Information given:
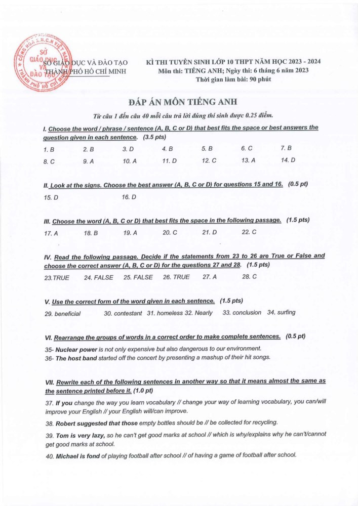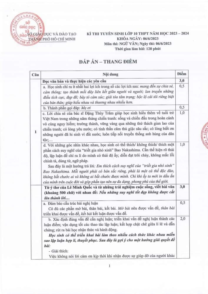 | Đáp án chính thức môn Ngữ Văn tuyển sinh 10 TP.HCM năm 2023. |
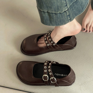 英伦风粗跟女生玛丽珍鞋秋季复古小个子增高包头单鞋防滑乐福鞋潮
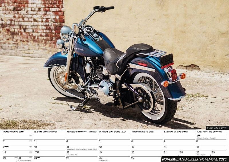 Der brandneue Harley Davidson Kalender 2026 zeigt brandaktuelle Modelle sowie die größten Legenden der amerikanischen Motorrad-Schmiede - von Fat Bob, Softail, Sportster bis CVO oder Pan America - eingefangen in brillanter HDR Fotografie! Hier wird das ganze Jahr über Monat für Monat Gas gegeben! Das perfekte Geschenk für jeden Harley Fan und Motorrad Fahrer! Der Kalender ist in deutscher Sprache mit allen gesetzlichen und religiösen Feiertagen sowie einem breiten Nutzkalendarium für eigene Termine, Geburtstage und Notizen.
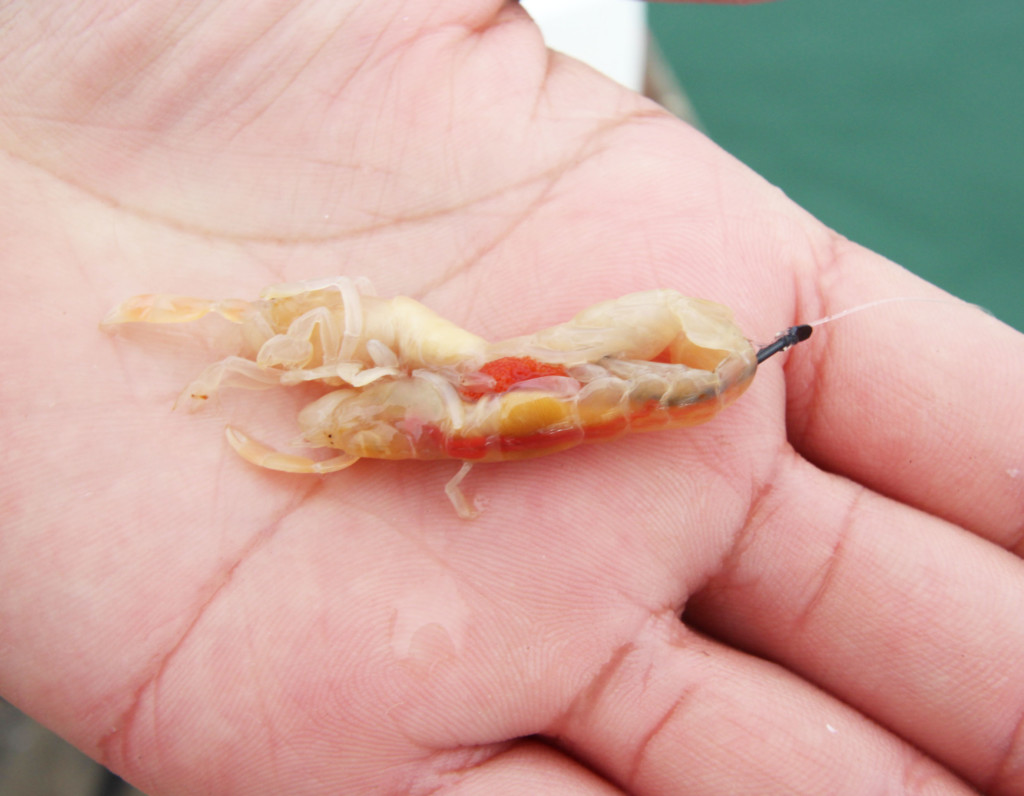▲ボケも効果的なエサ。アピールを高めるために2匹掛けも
==
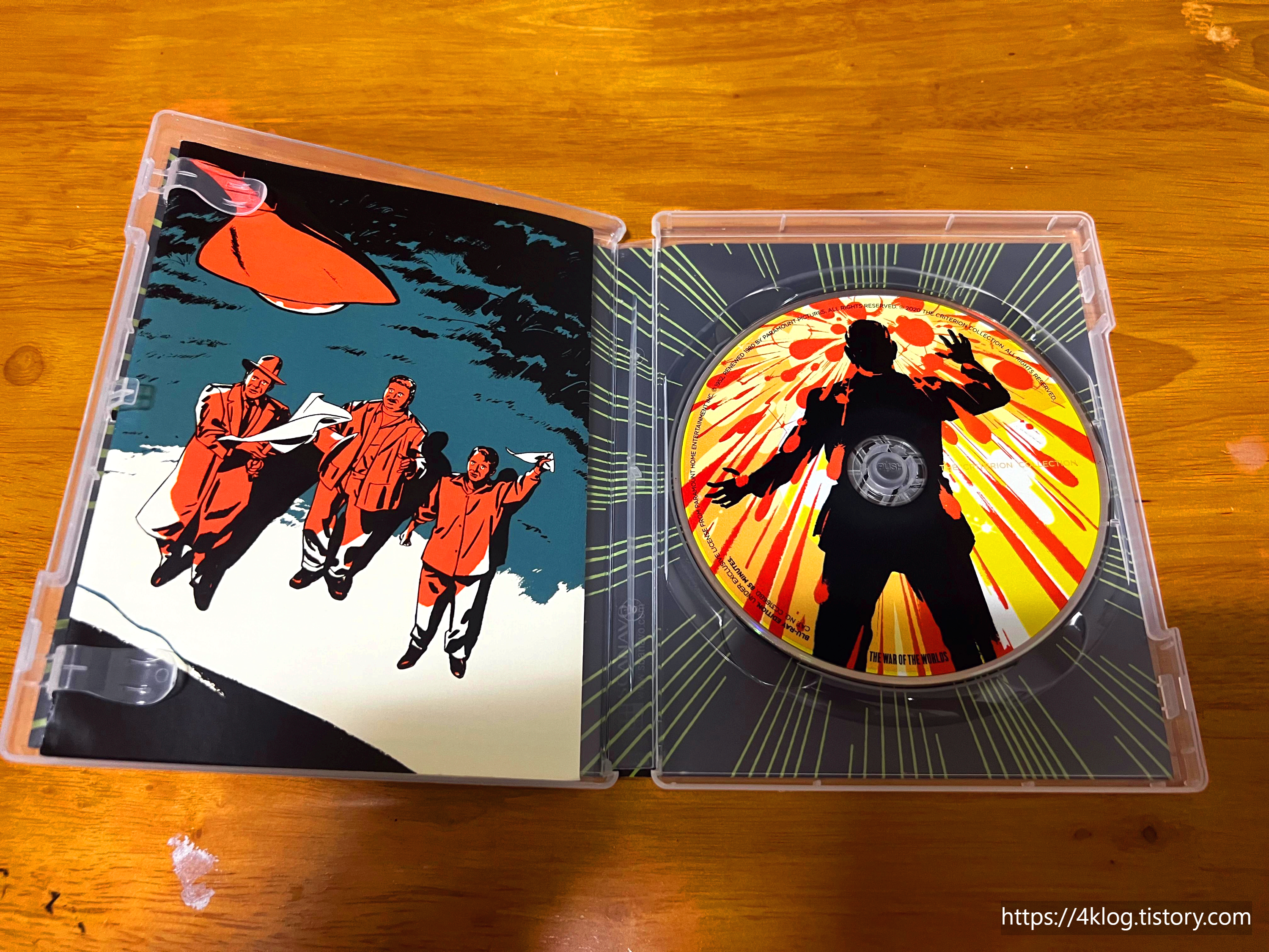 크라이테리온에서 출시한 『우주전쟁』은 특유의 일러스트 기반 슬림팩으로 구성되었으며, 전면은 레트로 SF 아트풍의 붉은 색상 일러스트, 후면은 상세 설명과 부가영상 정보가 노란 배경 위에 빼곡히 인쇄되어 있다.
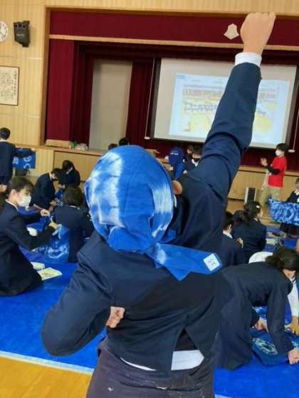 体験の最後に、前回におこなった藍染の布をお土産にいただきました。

Task to carry out:
Produce an exact reproduction of the listing above, limited to the lines starting at the line with "năm 2023. |" and ending at the line with "英伦风粗跟女生玛丽珍鞋秋季复古小个子增高包头单鞋防滑乐福鞋潮", both kept, with every picture left out.

Written solution:
 | Đáp án chính thức môn Ngữ Văn tuyển sinh 10 TP.HCM năm 2023. |
 英伦风粗跟女生玛丽珍鞋秋季复古小个子增高包头单鞋防滑乐福鞋潮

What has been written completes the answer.